Exercise prompt -
No pictures go into the copy. Write out exactly the lines below from the one containing "This is a very" through the one containing "نقطة البداية للماراثون".

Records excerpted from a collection
|---|
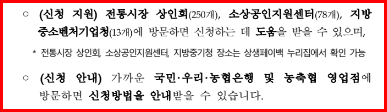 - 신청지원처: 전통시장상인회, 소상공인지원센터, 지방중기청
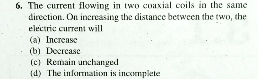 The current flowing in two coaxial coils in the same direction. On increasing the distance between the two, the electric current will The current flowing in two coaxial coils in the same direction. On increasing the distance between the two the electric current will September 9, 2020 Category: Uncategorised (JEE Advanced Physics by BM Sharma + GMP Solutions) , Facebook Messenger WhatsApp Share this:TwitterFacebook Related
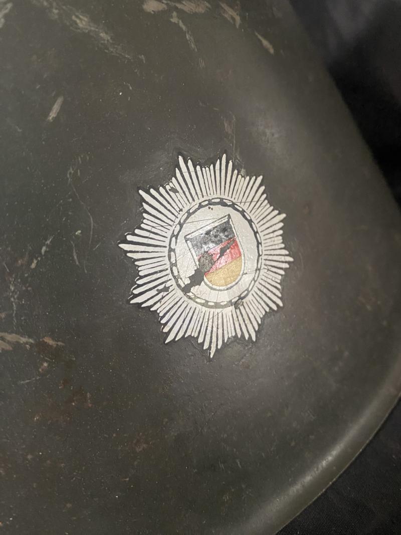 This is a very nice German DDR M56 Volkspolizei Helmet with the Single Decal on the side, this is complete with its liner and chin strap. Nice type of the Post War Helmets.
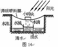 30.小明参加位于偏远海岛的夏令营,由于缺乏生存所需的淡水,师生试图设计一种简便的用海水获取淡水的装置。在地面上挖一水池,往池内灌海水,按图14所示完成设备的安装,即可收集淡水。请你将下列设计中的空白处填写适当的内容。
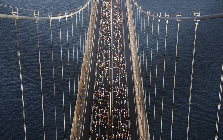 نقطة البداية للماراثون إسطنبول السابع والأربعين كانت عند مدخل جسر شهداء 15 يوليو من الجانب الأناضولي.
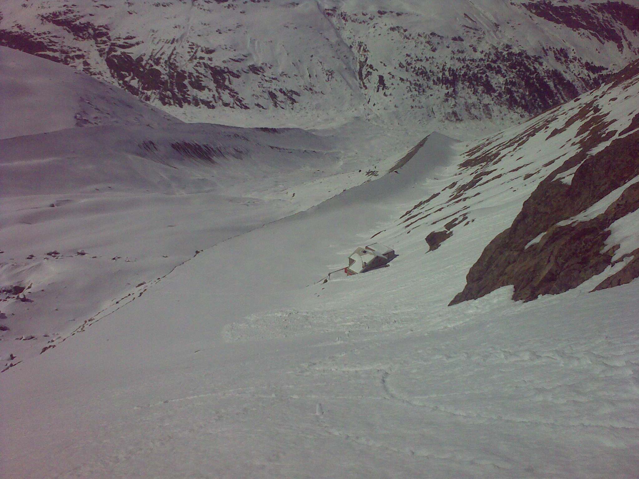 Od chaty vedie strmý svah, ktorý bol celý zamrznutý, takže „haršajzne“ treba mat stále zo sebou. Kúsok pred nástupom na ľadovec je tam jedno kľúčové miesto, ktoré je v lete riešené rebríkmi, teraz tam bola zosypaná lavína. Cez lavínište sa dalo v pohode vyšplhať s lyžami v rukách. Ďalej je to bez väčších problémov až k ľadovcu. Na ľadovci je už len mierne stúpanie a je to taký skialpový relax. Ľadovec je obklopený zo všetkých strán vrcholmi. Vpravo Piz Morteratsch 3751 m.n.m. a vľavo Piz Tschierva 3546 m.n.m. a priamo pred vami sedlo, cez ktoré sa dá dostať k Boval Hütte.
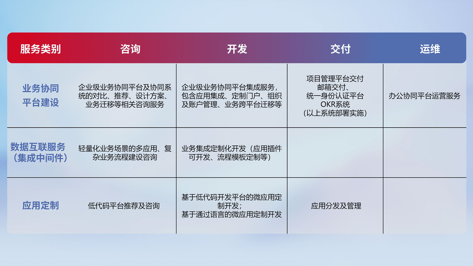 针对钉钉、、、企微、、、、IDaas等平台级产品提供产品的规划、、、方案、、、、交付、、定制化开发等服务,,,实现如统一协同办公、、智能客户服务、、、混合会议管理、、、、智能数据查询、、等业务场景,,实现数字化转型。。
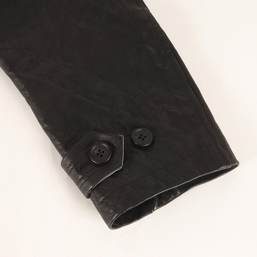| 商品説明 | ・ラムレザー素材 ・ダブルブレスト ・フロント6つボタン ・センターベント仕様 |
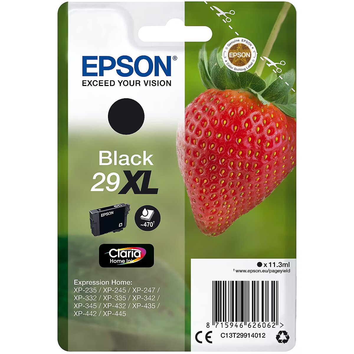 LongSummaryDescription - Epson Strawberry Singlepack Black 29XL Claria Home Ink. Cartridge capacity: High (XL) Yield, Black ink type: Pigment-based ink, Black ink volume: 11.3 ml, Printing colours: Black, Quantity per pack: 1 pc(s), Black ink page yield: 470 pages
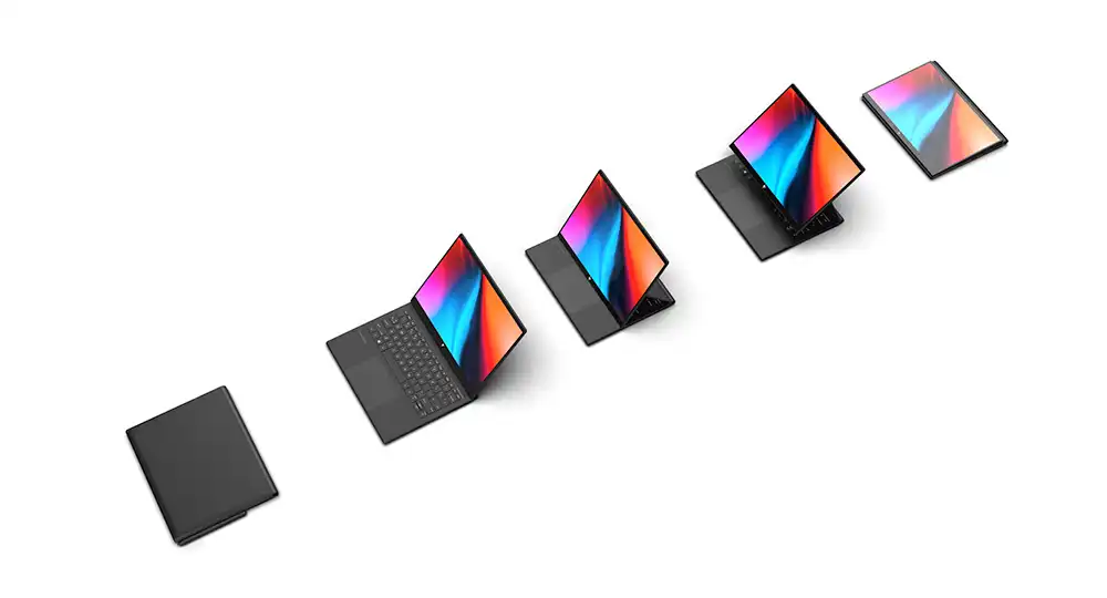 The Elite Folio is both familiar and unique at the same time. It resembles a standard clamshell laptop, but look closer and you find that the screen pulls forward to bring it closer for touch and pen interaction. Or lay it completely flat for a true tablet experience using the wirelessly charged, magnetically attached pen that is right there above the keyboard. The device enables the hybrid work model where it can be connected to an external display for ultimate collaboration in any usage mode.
|---|
Expected output -
 This is a very nice German DDR M56 Volkspolizei Helmet with the Single Decal on the side, this is complete with its liner and chin strap. Nice type of the Post War Helmets.
 30.小明参加位于偏远海岛的夏令营,由于缺乏生存所需的淡水,师生试图设计一种简便的用海水获取淡水的装置。在地面上挖一水池,往池内灌海水,按图14所示完成设备的安装,即可收集淡水。请你将下列设计中的空白处填写适当的内容。
 نقطة البداية للماراثون إسطنبول السابع والأربعين كانت عند مدخل جسر شهداء 15 يوليو من الجانب الأناضولي.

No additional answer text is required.